The entries below are to be duplicated exactly, with nothing left out.
━━━━
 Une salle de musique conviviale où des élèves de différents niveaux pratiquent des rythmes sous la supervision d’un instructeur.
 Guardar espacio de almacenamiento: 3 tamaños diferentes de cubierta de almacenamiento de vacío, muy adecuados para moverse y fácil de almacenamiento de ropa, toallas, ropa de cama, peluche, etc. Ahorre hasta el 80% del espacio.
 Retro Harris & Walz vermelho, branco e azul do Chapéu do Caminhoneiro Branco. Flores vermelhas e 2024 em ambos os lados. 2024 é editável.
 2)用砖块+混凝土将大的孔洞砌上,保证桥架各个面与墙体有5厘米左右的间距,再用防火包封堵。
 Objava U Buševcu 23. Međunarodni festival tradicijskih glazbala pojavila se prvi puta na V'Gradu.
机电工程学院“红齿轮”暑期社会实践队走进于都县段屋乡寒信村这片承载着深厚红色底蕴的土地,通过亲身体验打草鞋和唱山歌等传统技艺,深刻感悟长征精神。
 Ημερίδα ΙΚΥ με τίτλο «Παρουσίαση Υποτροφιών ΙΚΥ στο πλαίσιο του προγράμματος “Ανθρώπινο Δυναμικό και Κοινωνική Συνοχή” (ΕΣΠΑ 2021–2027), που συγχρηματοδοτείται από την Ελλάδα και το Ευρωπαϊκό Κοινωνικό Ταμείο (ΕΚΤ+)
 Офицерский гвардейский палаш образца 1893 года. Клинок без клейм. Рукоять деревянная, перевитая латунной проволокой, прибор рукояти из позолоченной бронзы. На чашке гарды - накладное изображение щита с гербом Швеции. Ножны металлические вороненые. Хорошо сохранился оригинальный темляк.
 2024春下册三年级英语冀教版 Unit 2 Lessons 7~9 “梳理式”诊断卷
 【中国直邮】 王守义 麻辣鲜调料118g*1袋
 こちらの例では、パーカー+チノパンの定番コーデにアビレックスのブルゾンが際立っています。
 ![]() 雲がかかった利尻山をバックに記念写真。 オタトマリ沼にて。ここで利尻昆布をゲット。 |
━━━━
■ **Expected answer**:
 Une salle de musique conviviale où des élèves de différents niveaux pratiquent des rythmes sous la supervision d’un instructeur.
 Guardar espacio de almacenamiento: 3 tamaños diferentes de cubierta de almacenamiento de vacío, muy adecuados para moverse y fácil de almacenamiento de ropa, toallas, ropa de cama, peluche, etc. Ahorre hasta el 80% del espacio.
 Retro Harris & Walz vermelho, branco e azul do Chapéu do Caminhoneiro Branco. Flores vermelhas e 2024 em ambos os lados. 2024 é editável.
 2)用砖块+混凝土将大的孔洞砌上,保证桥架各个面与墙体有5厘米左右的间距,再用防火包封堵。
 Objava U Buševcu 23. Međunarodni festival tradicijskih glazbala pojavila se prvi puta na V'Gradu.
机电工程学院“红齿轮”暑期社会实践队走进于都县段屋乡寒信村这片承载着深厚红色底蕴的土地,通过亲身体验打草鞋和唱山歌等传统技艺,深刻感悟长征精神。
 Ημερίδα ΙΚΥ με τίτλο «Παρουσίαση Υποτροφιών ΙΚΥ στο πλαίσιο του προγράμματος “Ανθρώπινο Δυναμικό και Κοινωνική Συνοχή” (ΕΣΠΑ 2021–2027), που συγχρηματοδοτείται από την Ελλάδα και το Ευρωπαϊκό Κοινωνικό Ταμείο (ΕΚΤ+)
 Офицерский гвардейский палаш образца 1893 года. Клинок без клейм. Рукоять деревянная, перевитая латунной проволокой, прибор рукояти из позолоченной бронзы. На чашке гарды - накладное изображение щита с гербом Швеции. Ножны металлические вороненые. Хорошо сохранился оригинальный темляк.
 2024春下册三年级英语冀教版 Unit 2 Lessons 7~9 “梳理式”诊断卷
 【中国直邮】 王守义 麻辣鲜调料118g*1袋
 こちらの例では、パーカー+チノパンの定番コーデにアビレックスのブルゾンが際立っています。
 ![]() 雲がかかった利尻山をバックに記念写真。 オタトマリ沼にて。ここで利尻昆布をゲット。 |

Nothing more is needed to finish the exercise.